**INSTRUCTIONS FOR THE TASK**
Retype the lines below exactly, but only those from the line that has "辣妹街邊跟阿嬤尬舞 阿嬤最後「放大絕」讓網笑翻:薑是老的辣" through the line that has "AK Bodenwerder a.". Omit every picture.

**SUPPLIED DATA**
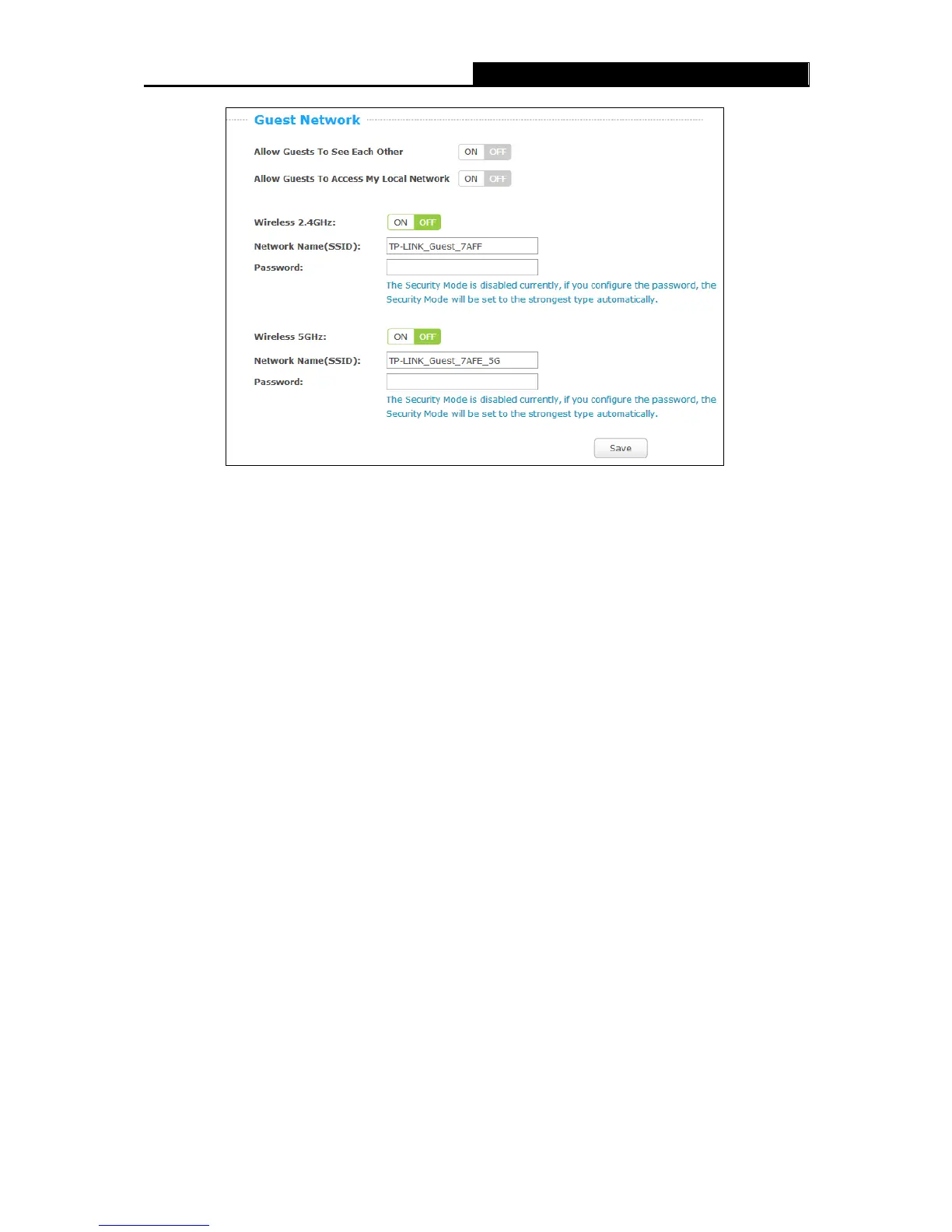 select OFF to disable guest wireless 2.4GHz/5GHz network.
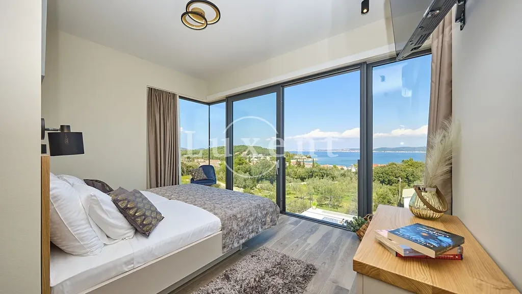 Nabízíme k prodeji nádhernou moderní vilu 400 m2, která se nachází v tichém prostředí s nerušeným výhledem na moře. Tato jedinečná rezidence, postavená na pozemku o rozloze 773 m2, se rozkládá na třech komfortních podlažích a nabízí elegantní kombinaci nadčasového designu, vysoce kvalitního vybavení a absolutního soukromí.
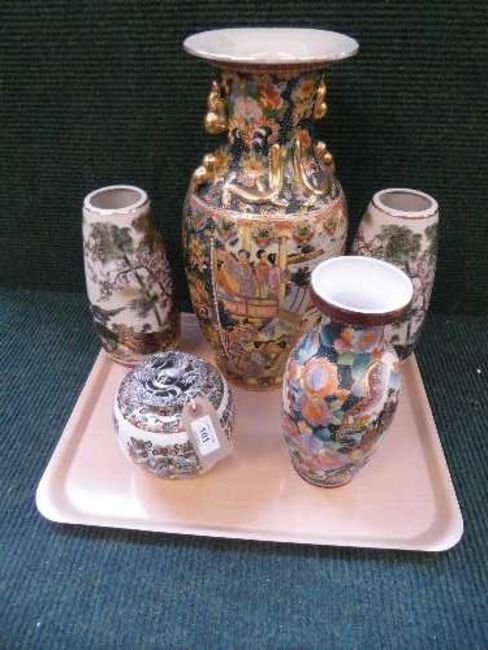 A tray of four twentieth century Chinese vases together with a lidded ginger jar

--

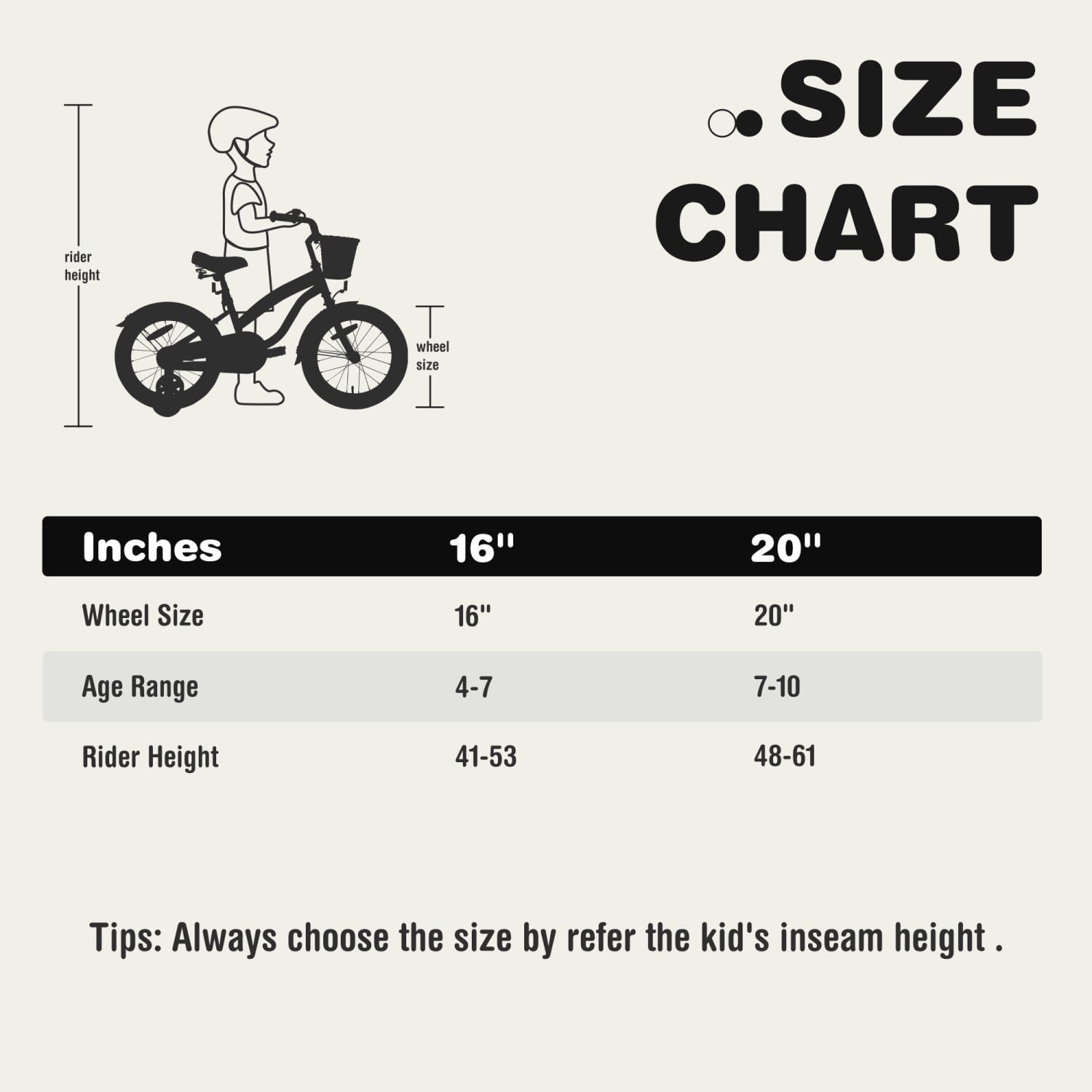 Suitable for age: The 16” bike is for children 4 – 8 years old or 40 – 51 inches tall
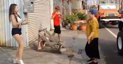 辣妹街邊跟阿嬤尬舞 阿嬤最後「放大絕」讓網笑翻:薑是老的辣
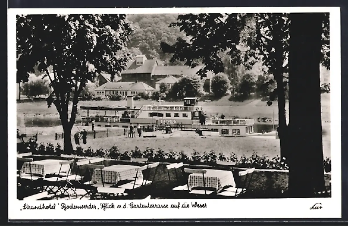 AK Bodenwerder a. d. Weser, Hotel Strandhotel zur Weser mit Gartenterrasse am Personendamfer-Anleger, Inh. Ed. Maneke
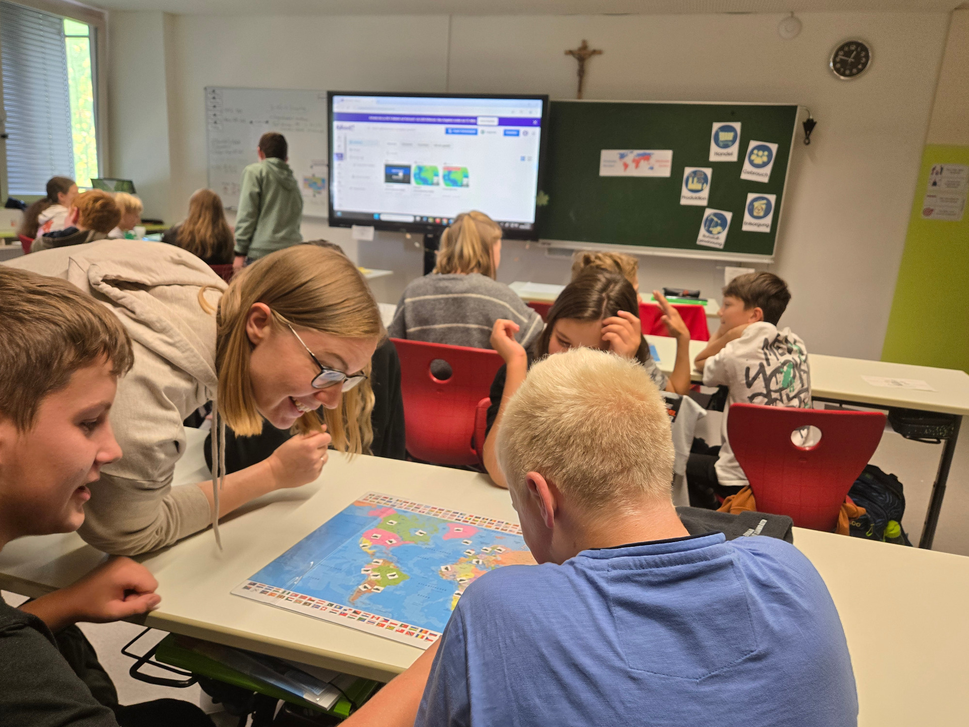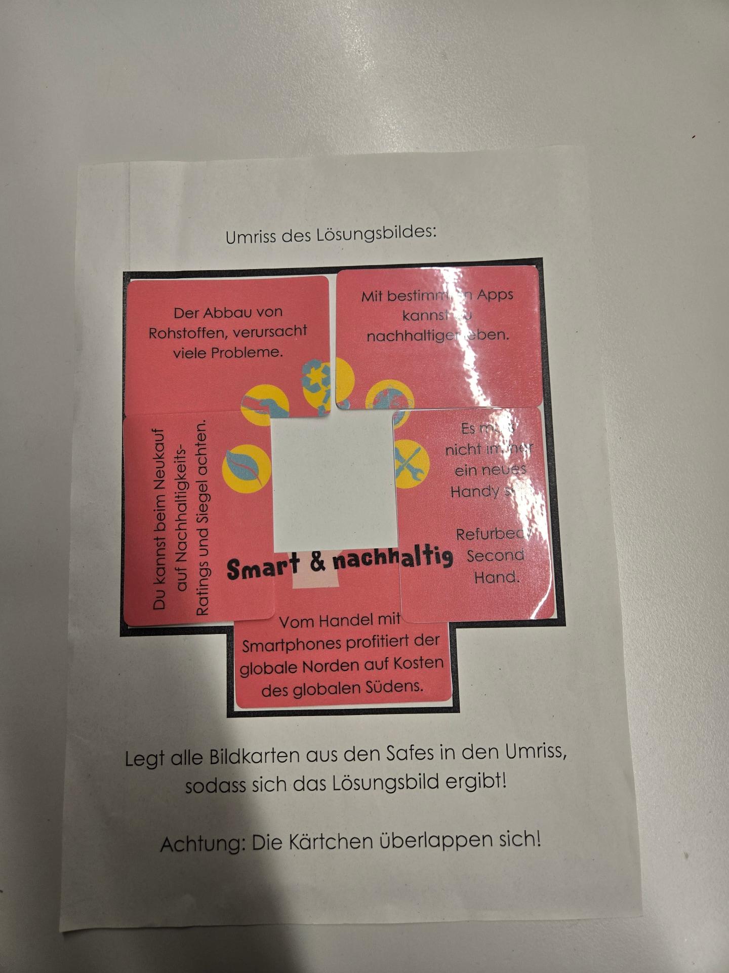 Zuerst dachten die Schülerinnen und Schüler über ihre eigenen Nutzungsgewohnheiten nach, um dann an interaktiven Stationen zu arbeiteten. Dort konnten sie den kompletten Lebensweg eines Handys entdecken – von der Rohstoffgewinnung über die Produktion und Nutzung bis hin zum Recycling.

**RESULT OF THIS TASK**
 辣妹街邊跟阿嬤尬舞 阿嬤最後「放大絕」讓網笑翻:薑是老的辣
 AK Bodenwerder a. d. Weser, Hotel Strandhotel zur Weser mit Gartenterrasse am Personendamfer-Anleger, Inh. Ed. Maneke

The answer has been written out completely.